Hello! I know alot of people have answered questions for you but I work in transfusion so may be able to shed a little more light on it (and this may get a little long)
The problem occurs when your baby is RhD positive because you are RhD negative. During pregnancy your baby’s blood can ‘leak’ into your own – normally thats not a problem as it is not enough to initiate an immune response. The problem occurs when large numbers of baby red cells cross into the maternal blood stream, usually this only occurs during labour but sometimes abdo trauma or miscarriage can cause this as well
If your baby is RhD positive, your immune system then recognises the RhD present on the baby cells as foreign and creates antibody known as Anti-D. During a first pregnancy a larger form of anti-D is formed (known as IgM). IgM anti-D is unable to cross the placenta, so that first baby is most likely born healthy, especially if the bleed occurs later in pregnancy or at labour.

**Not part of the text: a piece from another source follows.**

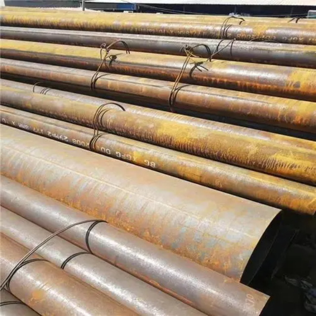 亳州gb3087无缝钢管要用钢锭或实芯管料经破孔制成毛管,随后经热扎、冷轧或冷拨制成。亳州gb3087无缝钢管在中国钢管业中具备重要的位置。据不完全统计,我国目前无缝管生产公司约240多家,无缝管机组约250多套,年产能力约450多万吨。从规格看,亳州gb3087无缝钢管的原料是圆管坯,圆管胚要经过切割机的切割制作成长短约为1米胚料,并经输送带送至溶炉内加温。钢坯被送进溶炉内加温,温度约为1200℃。燃料为氢气或乙炔。炉内温控是关键性的难题.圆管坯出炉后要经过压力穿孔机开展穿空。一般较常见的穿孔机是锥形辊穿孔机,这类穿孔机生产效率高,产品品质好,破孔扩径量多,可穿多种钢种。破孔后,圆管坯就先后被三辊斜轧、连轧或挤压。挤压后应脱管定径。定径机根据锥形钻头高速运转入钢胚打孔,产生钢管。钢管内径由定径机钻头的直径长短来决定。钢管经定径后,进入冷却塔中,根据喷水冷却,钢管经冷后,就要被校直。钢管经校直后由输送带送往金属探伤机(或压力试验)进行内部探伤。若钢管内部有裂痕,气泡等问题,将被检测出。钢管质检后还要通过严格手工选择。钢管质检后,用漆料喷上编号、规格、生产日期等。并由吊车吊入仓库里。

In subsequent pregnancies, if the baby is RhD positive, your immune system recognises the normal small leakage of foetal cells and ‘remembers’ the foreign RhD. Because of this, it produces Anti-D again – but this time in a form known as IgG. IgG anti-D CAN cross the placenta and thus the disease occurs (the destruction of the babies red cells, leading to a built of break down products that can lead to jaundice, anaemia etc).
In your case, due to your miscarriage, you were adminstered Rhogam. This is to mop up any foetal cells in your circulation before your body can recognise it and produce anti-D. Depending on how far along you were along at miscarriage can alter how much foetal cells actually passed into your blood stream (they may not have even be enough to cause sensitisation), and also the foetal cells may have inherited your blood group and not have caused a problem at all (it is impossible to say). The reason why Rhogam is adminstered at around 25 weeks and after delivery is because these are the key times that bleeds occur and cause sensitisation – Rhogam then covers the pregnancy from 25 weeks (it stays active for a long while) and the extra given at delivery mops up any cells from labour. Unfortunatly without performing your testing myself I cant give you any idea of whether or not you have a significant enough bleed to cause sensitisaton.
In regards to future pregnancies, any baby that inherits your blood group will have no issue at all even If you have developed anti-D. If you have developed anti-D, you will have antibody titres done to determine how Anti-D is in your blood stream as there is a cut off for safe levels. This will be checked during any future pregnancies to ensure the best outcome for you and baby.
Sadly they will be unable to check your blood currently because of the Rhogam (which will give you a false positive). Most likely, you will have to come back for a blood test at a later date to confirm whether or not you have developed Anti-D.
Wow this was long, sorry about that. Good luck talking to your doctor and in the future.